9. Candy-coated vaccines
Tardigrades are tiny, tough eight-legged micro-animals that live in water. Without water tardigrades dry out but have evolved the amazing ability to reanimate after over more than 100 years.
They do this by coating their molecular machinery, such as DNA and proteins, in a sugar.
Inspired by this idea, several biotech companies, including Biomatrica, from San Diego, and Nova Laboratories, from England, adapted the process to protect live vaccines so that they no longer need to be refrigerated.
The technology “shrink wraps” the vaccines in a glassy film of sugars to keep them effective for six months without refrigeration.
10. Termite buildings
African termites have evolved some clever designs to keep their mounds at a nearly constant temperature, though, outside, it may swing from 40 °C in the day to less than 2°C at night.
Termites construct their mounds with a passive cooling system using a series of vents along the top and sides. Wind blows hot air from underground chambers through the vents and out of the structure, and the termites can even control the airflow by opening or blocking tunnels.

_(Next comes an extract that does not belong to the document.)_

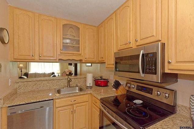 OPEN HOUSE 11/15 1-3 PM.. Ready to move in immediately. Great location: just six minutes drive from Regeneron, Easy access to Interstates I90 & I787, three minutes to Downtown Albany, three minutes to North Greenbush, plenty of dining and shopping Upgraded 2 bedroom condo with new sliding glass windows in East Greenbush School District. Newer A/C, upgraded kitchen w/granite, newer appliances, cabinets, upgraded half bath; master with new sink & console, laundry in unit, full pull-down attic, Gas Fireplace, Ceiling Fan Maintenance free as the owner pays HOA fee, which covers trash removal, snow removal, lawn maintenance, pool access. Pets considered with a deposit and owner approval. One covered parking included & common guest spaces. Please call or text show contact info if you are interested. First month and Security Deposit Required. $25.00 application fee. The application fee will be returned if you are accepted as a Tenant.

Architect Mick Pearce used a similar strategy when he designed the Eastgate centre, an office complex in Harare, Zimbabwe. Warm air vents out the row of chimneys at the top of the building, while cooler air is drawn up from underground.
The building stays cool without air conditioning and so uses only a 10th of the energy of a conventional building of the same size.
Cathal O'Connell is a science writer based in Melbourne.